The National Labor Relations Board (NLRB) denied a Petitioner's request for review of the Regional Director's order dismissing a petition and withdrawing the notice of hearing in a case involving New York Paving, Inc. (Employer), Construction Council Local 175, Utility Workers Union of America, AFL-CIO (Petitioner), and Highway, Road and Street Construction Laborers’ Union 1010, of the Laborers International of North America, AFL-CIO (Intervenor).
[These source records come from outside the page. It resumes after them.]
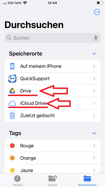 Schließlich müssen Sie für die Übertragung über Cloud-Anwendungen vom Ziel-iOS-Gerät aus über „Dateien” zum Stammverzeichnis des Geräts navigieren.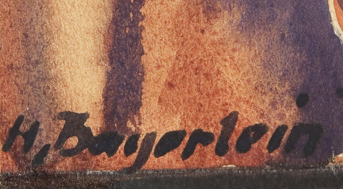 Bayerlein, Genremaler, Aquarellist, Freskant. Studierte an der Akademie in München. Schüler von Hugo von Habermann. Übernahm 1929 die väterliche Werkstatt für Kirchen-Restaurierung * Partnerauktion Bergmann.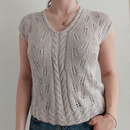 Knitted in a lovely lace pattern, this romantic tee with deep V-neck has a cabled border at the neck, hem and the armholes.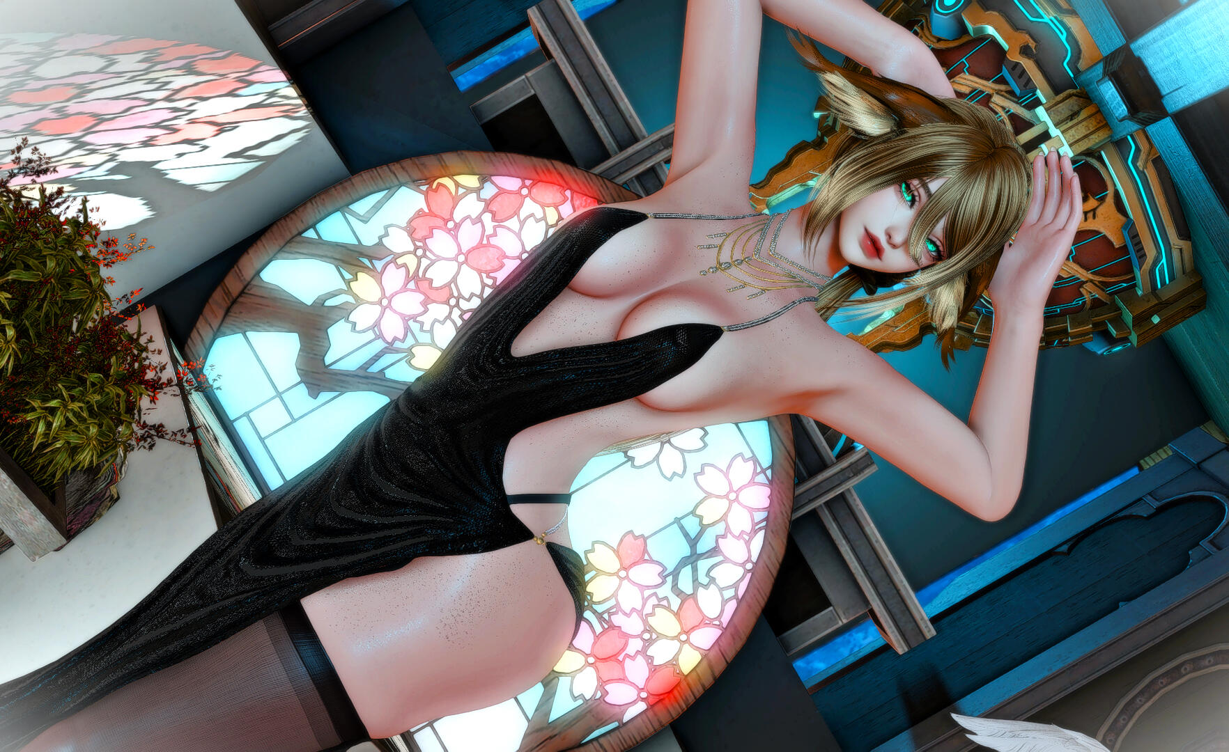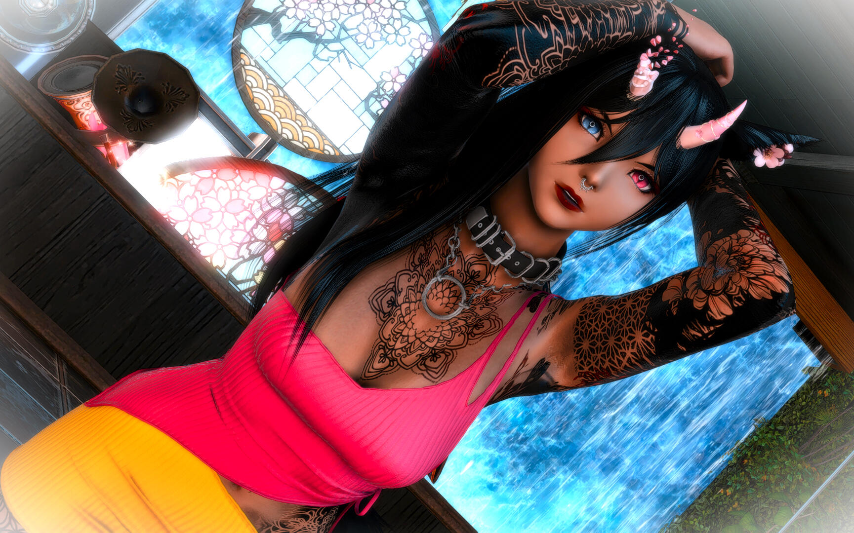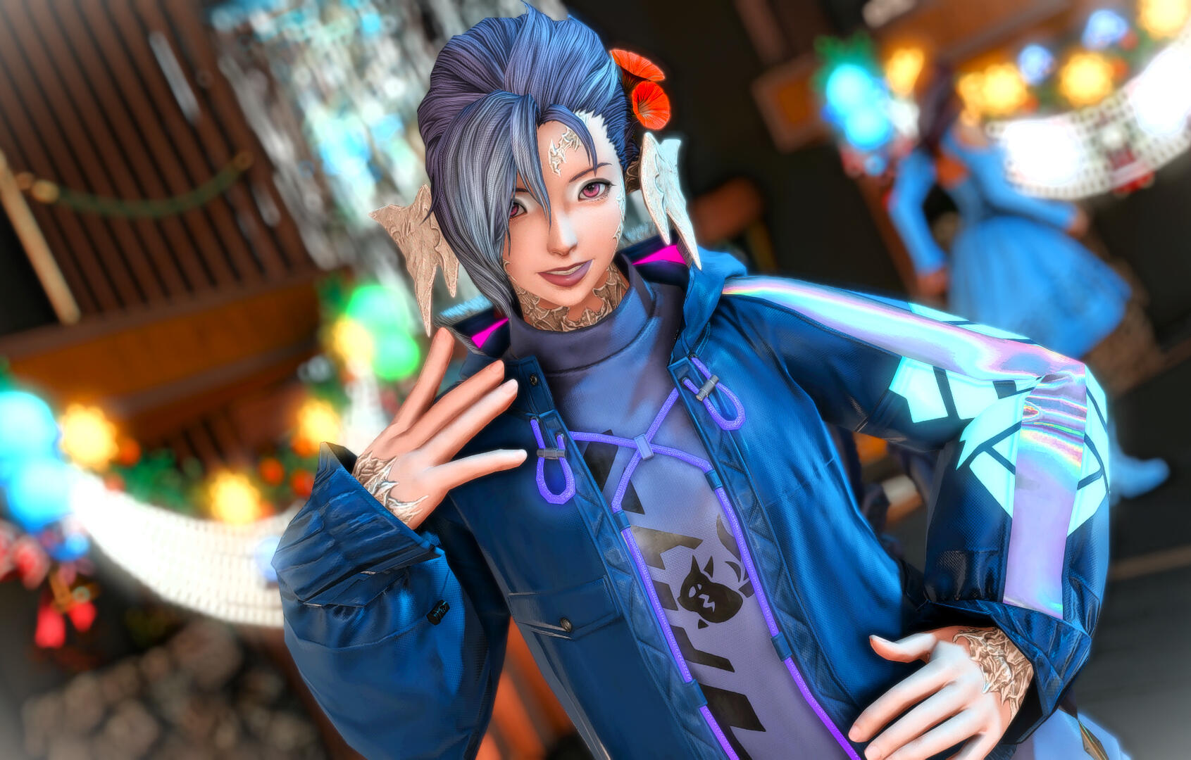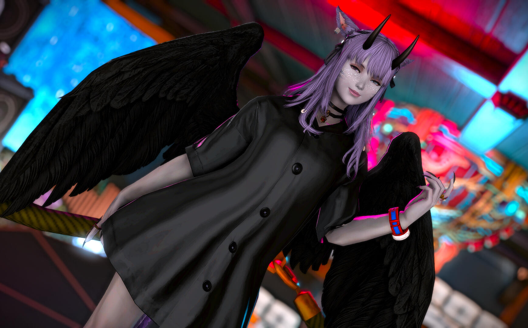 Amaterasu is a bit shy but will talk to just about anyone, she loves dancing when the bar is quiet and enjoys making small talk with the customers

The Petitioner argued that a Memorandum of Agreement (MOA) signed by the Employer and Intervenor on March 5, 2024, constituted a premature extension of collective-bargaining agreements drafted in 2017 and 2021. The Board rejected this argument. Even if the parties had adopted and were bound by the 2017 and/or 2021 agreements through their conduct, as the Petitioner contended, these agreements would not have barred petitions under the Board's contract bar doctrine because they were never signed by the parties. The Board reaffirmed the principle established in Appalachian Shale Products Co., that an unsigned contract cannot bar a petition, even if its provisions are put into effect.

Furthermore, the Board clarified that the premature extension doctrine does not apply unless the original agreement was in effect as a bar at the time the extension agreement was executed. This principle, derived from cases such as New England Telephone & Telegraph Co. and Cushman's Sons, Inc., means that a new contract signed during the term of a prior agreement that would bar a petition can only extend that bar for the remainder of the original contract's period. Therefore, the 2024 MOA could not have served as a premature extension that created a window period prior to the expiration of the alleged 2017 and/or 2021 agreements.